Thus, the "worst" tree of height k is inductively constructing by
fusing together the worst trees of height k-1 and k-2.  The
recurrence for S(h), given by

  S(1) = 1
  S(2) = 2
  S(k) = S(k-1) + S(k-2) + 1, k > 2

is very similar to that for the Fibonacci numbers

  F(1) = 1
  F(2) = 1
  F(k) = F(k-1) + F(k-2), k > 2

In the case of the Fibonacci numbers, we can show that F(k) is
exponentially large with respect to k.  Analogously, we can show
that S(k) grows exponentially with respect to k.  This means that
even the "most skewed" height-balanced tree of height k has a
size that is exponential in k.  In other words, the "most skewed"
height-balanced tree with n nodes has height logarithmic in n.


Let us assume that we have written a function rebalance that
reestablished the height-balanced property after an insert or
delete.

Here is how we would modify our functions inserttree and
deletetree.

  inserttree :: (Stree a) -> a -> (Stree a)
  inserttree Nil x = Node Nil x Nil
  inserttree (Node tleft y tright) x
    | x == y    = Node tleft y tright
    | x < y     = rebalance (Node (inserttree tleft x) y tright)
    | otherwise = rebalance (Node tleft y (inserttree tright x))

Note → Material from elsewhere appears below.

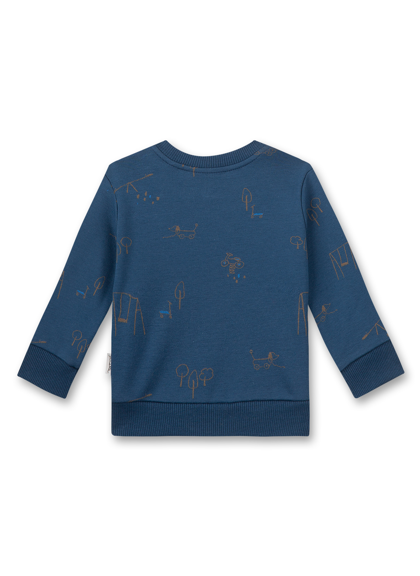 Jungen-Sweatshirt in Dunkelblau von Sanetta Pure mit einem liebevollen Spielplatz-Alloverprint aus nachhaltiger Bio-Baumwolle.

  deletetree :: (Stree a) -> a -> (Stree a)
  deletetree Nil x = Nil
  deletetree (Node tleft y tright) x
    | x < y   = rebalance (Node (deletetree tleft x)) y tright)
    | x > y   = rebalance (Node tleft y (deletetree tright x))

  -- In all cases below, we must have x == y

  deletetree (Node Nil y tright) x   = tright
  deletetree (Node tleft y tright) x = rebalance (Node tz z tright)
    where (z,tz) = deletemax tleft

Let us define the slope of a node to be the difference in heights
between the left and right subtrees of the node.  In a
height-balanced tree, the slope of each node is in the range
{-1,0,+1}.  Inserting or deleting a node can at most change the
slope by 1.  In the modified functions inserttree and deletetree,
we apply rebalancing bottom up, starting from the lowest node
where we potentially disrupt the balance.  Thus, when we need
to rebalance a node, we can assume that its slope is either 2 or
-2 and its subtrees are inductively height-balanced.

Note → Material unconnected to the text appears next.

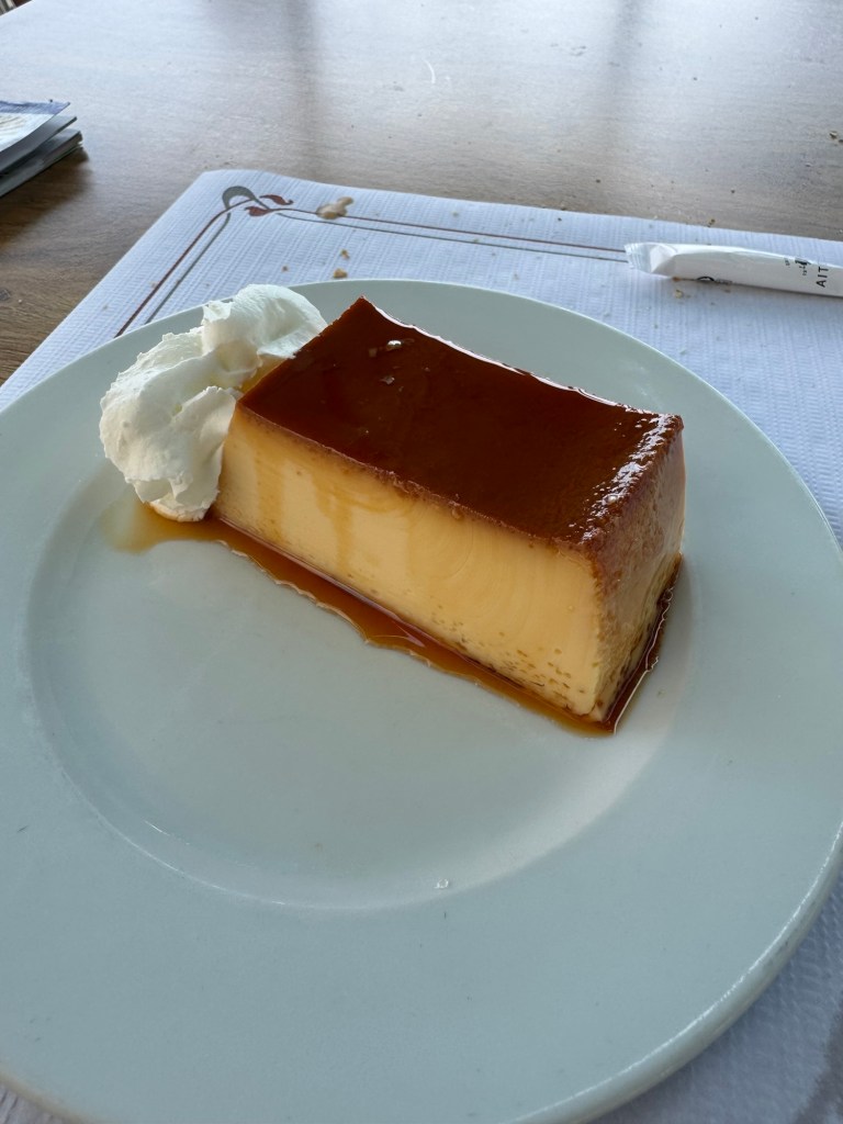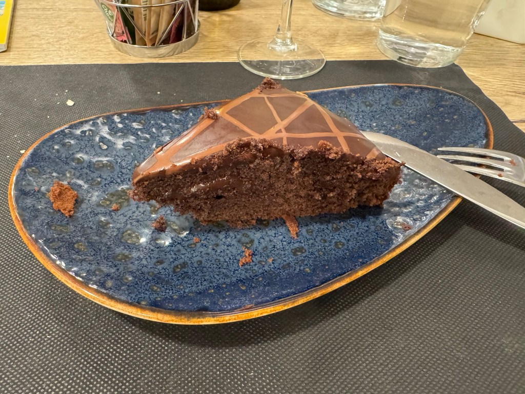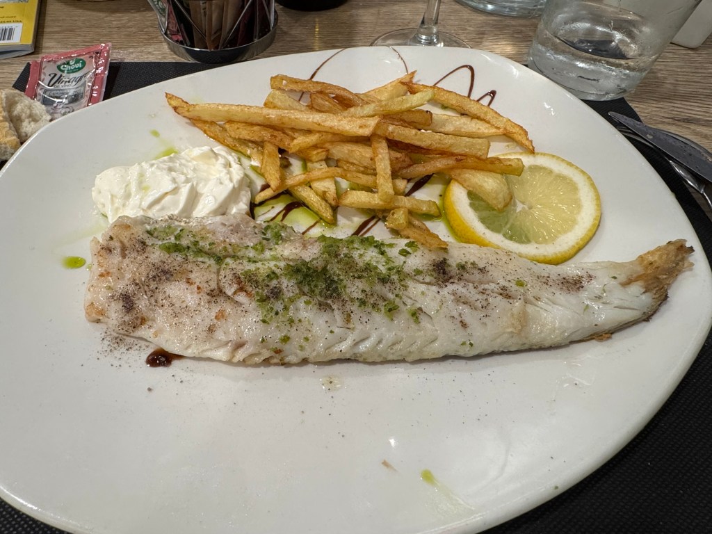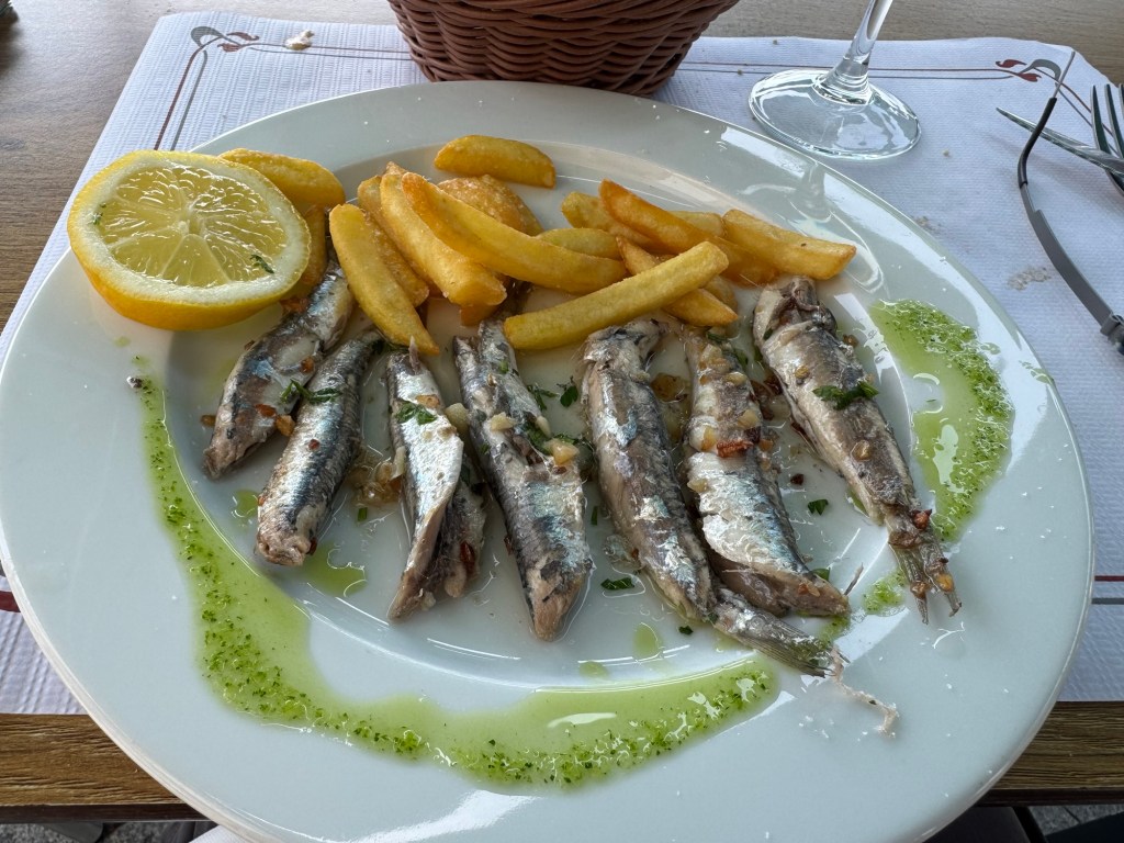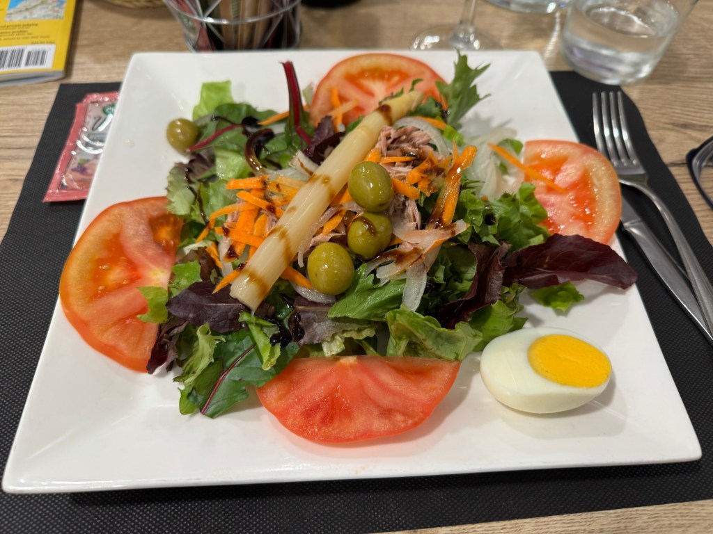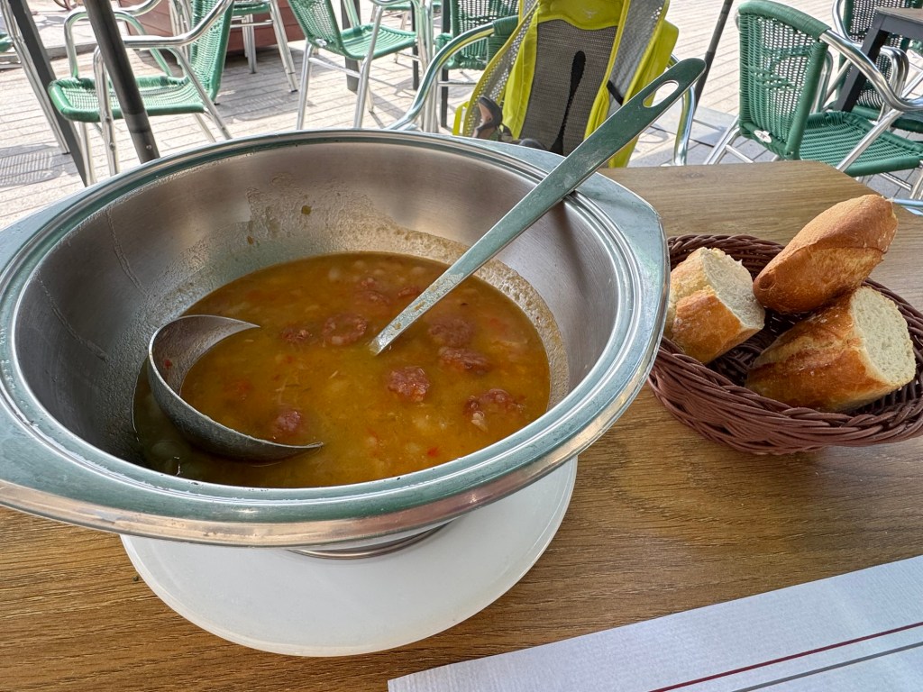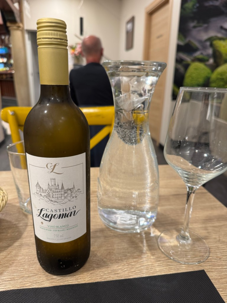 Although today’s walk was easier than yesterday, my legs were pretty sore at the end because of the ups and downs of the past two days. Three more challenging stages await. In the meantime, I relaxed through a three course dinner that included a bottle of wine. I shared the last quarter of the bottle with a diner a few tables away. It was a light white wine at 10% but it paired well with the choices I had made — 18 Euros.

Suppose a node has slope 2 (the case -2 will be symmetric) with
both its subtrees height-balanced.  Then, the height of the left
subtree is two more than that of the right subtree.  We shall
consider two cases.

a) The slope at the root of the left subtree is 0 or 1.

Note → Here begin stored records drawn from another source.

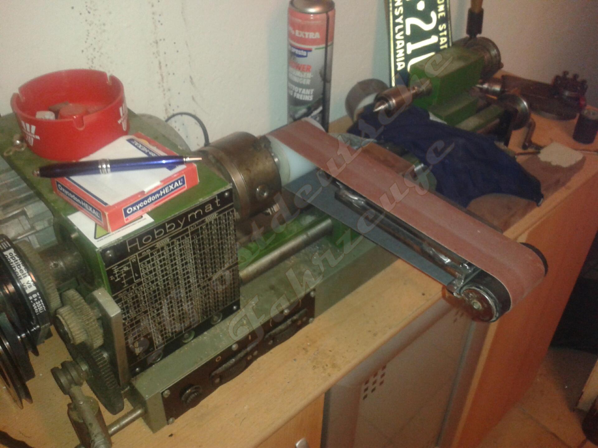 Zeit der Umrüstung ca. 2 min. Vorteil ist das ich die Drehbank vielseitige nutzen kann und der Platzbedarf wesentlich geringer ist. Durch das Getriebe der Drehbank lässt sich nun auch die Drehzahl vom Bandschleifer variieren.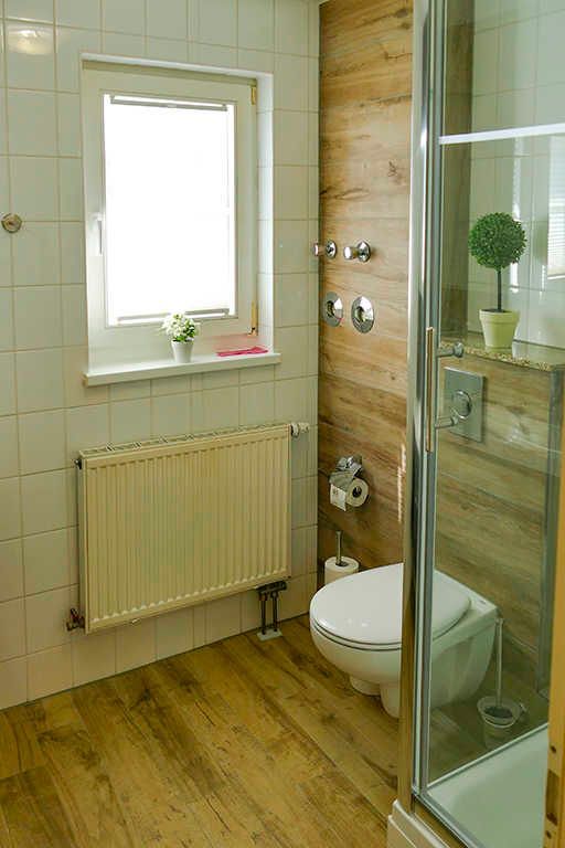 Das kleine Bad ist ausgestattet mit Dusche/ WC und Fön .
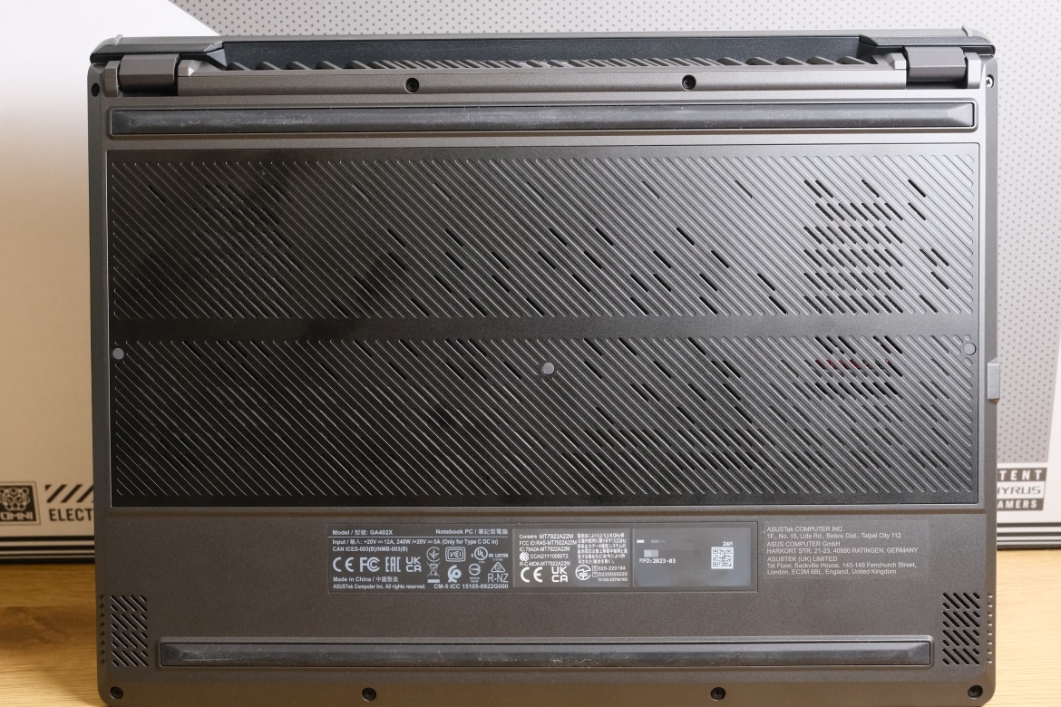 Luftauslässe und -eingänge erstrecken sich fast über die gesamte Unterseite des G14 und sind an beiden Seiten, sowie der Rückseite zu finden, was auf eine effektive Kühlung hoffen lässt. Unten finden sich zwei gummierte Standfüße über die gesamte Breite, während du mit Kreuzschlitz-Schrauben für die Wartung in das Innere gelangst.

   This situation corresponds to the following picture, where t[h]
   denotes that t has height h

                        x
                       / \
                      y   t3[h]
                    /   \
                t1[h+1]  t2[h or h+1]

   We can rotate this tree to the right as follows


                        y
                      /   \
                t1[h+1]    x
                         /   \
               t2[h or h+1]  t3[h]

   It is easy to observe that the slope at y is 0 or -1 and the
   slope at x is either 1 or 0, so the rotated tree is
   height-balanced (recall that t1, t2 and t3 were inductively
   assumed to be height-balanced).

   We have to verify that the resulting tree remains a search
   tree.  To this, it is sufficient to verify that the inorder
   traversals of the two trees match.  It is easy to verify that
   the inorder traversal for both trees is given by

     (inorder t1) ++ [y] ++ (inorder t2) ++ [x] ++ (inorder t3)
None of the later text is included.